21Nov10:46 amEST
Bide Your Time, for the Bigger Game Awaits
Despite some more dealmaking this morning, namely SCHW buying out AMTD (which, by the way, the market is wholeheartedly celebrating since the acquiring firm, SCHW, is higher by 8% in addition to AMTD up around 20%), the broad market remains in near-term pullback mode after a multi-week advance on the major indices.
Naturally, bears will argue this dip is merely the start of the type of correction we saw to conclude 2018, or worse, while bulls are looking for this dip to be short-lived as we are in the midst of a fresh broad market breakout across the board.
In discerning which side has the upper hand here, we continue to defer to the overall technical predicament of the senior indices, all of which are operating above rising and smartly-aligned (20-day, 50-day, 100-day, 150-day, and 200-day) daily chart simple moving averages.
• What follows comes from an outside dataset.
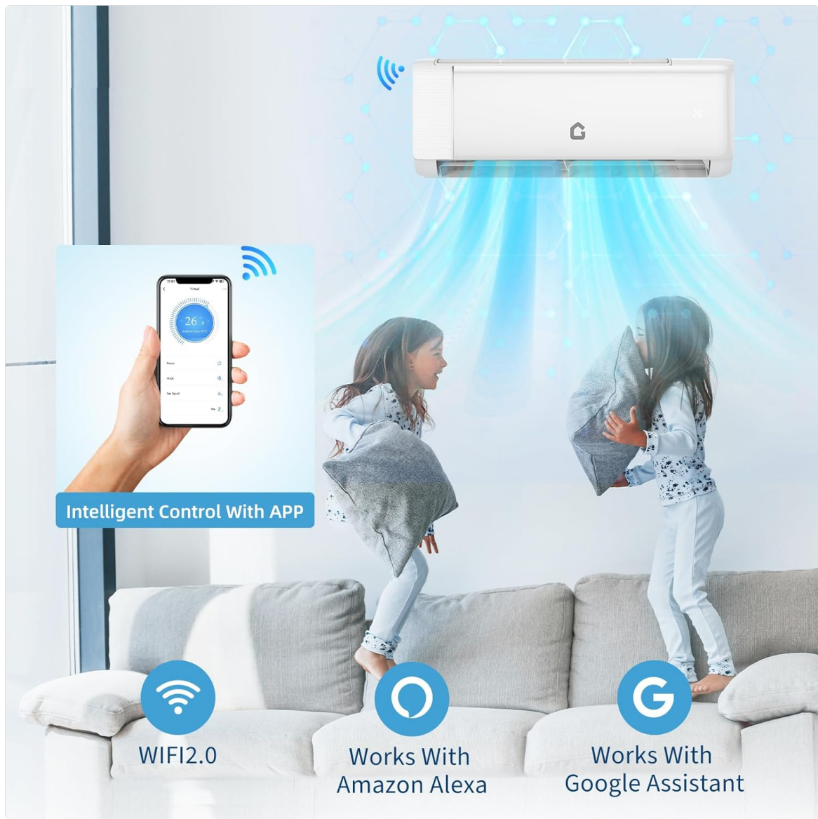
Figure 4: Intelligent Control with App and Voice Assistants

The unit can be controlled via WiFi using a dedicated app, allowing for remote adjustment of settings. It is also compatible with Amazon Alexa and Google Assistant for voice control.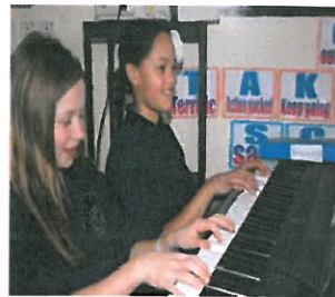
Music at St. Peter's

National Society 200 years celebration service

Until that changes, the bear case from a technical perspective is conjecture. Moreover, we know sector rotation has been a key development for bulls of late. Money flowing from semis to software, and vice versa, has helped to keep bears at a distance just when it looked like a given hot sector was cooling down.
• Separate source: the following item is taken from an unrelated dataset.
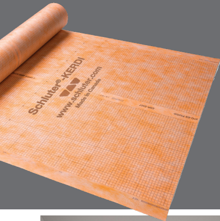
Schluter®-KERDI bonded waterproofing and vapor-retardant membrane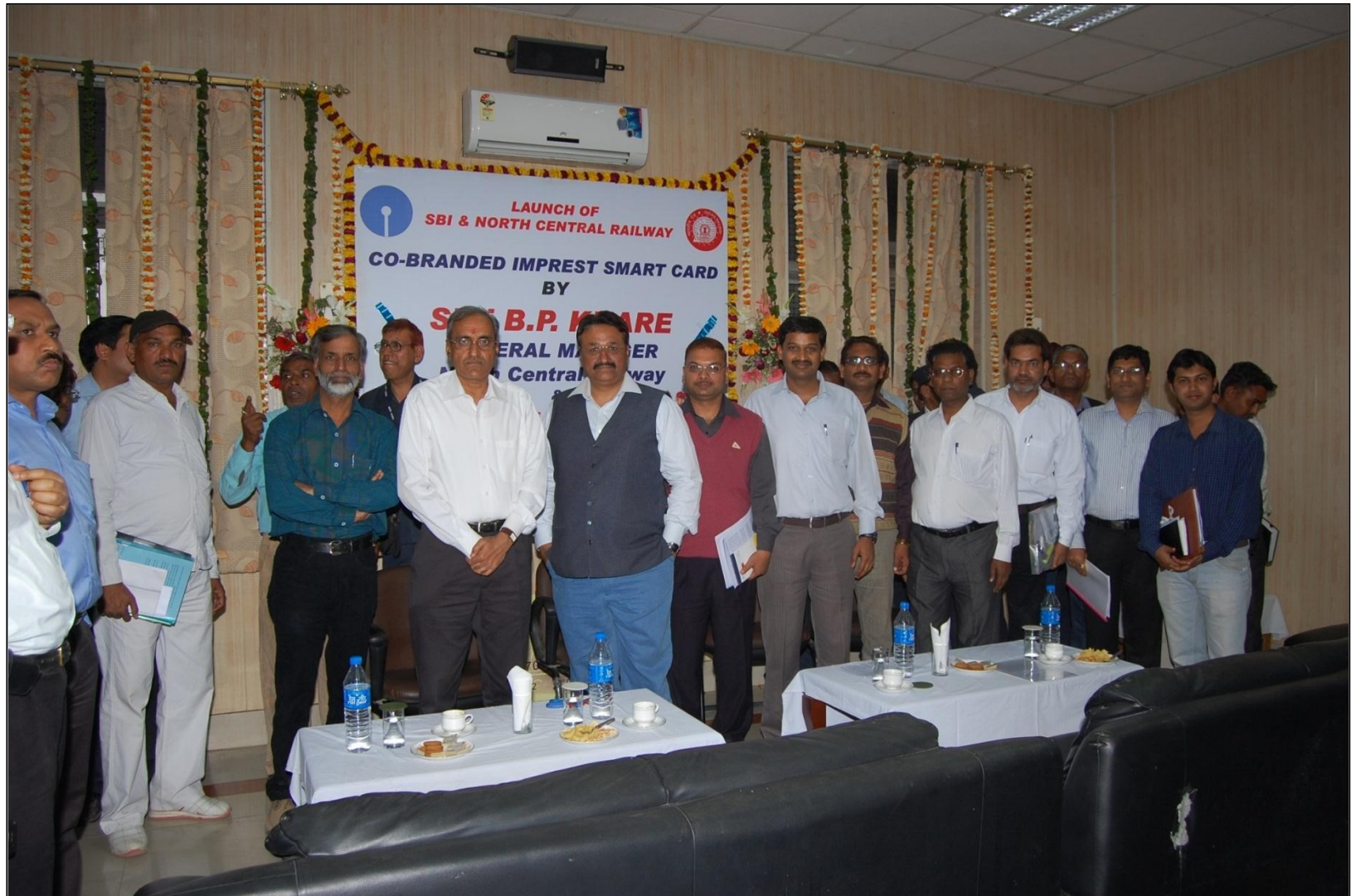
Group photo with GM/NCR while launching of IMPREST card at MTJ

But turning back to the major averages, aside from the IWM (small caps) needing to clear $160, which is something we have written about extensively of late and discussed with Members, the senior indices likely should find initial support at their respective 20-day moving averages (orange line on my charts) if the bull thesis is to hold water.
The reason for that thesis is because in the relatively early stages of a new uptrend, if that is what this, in fact, is, we almost always see shallow and short-lived dips which are rather quickly gobbled up due to newfound strong demand for equities. Hence, a dip to the 20-day on the senior indices would qualify as a shallow dip. Anything more than that is not necessarily bearish, but certainly should slow down even the most steadfast bulls in the near-term.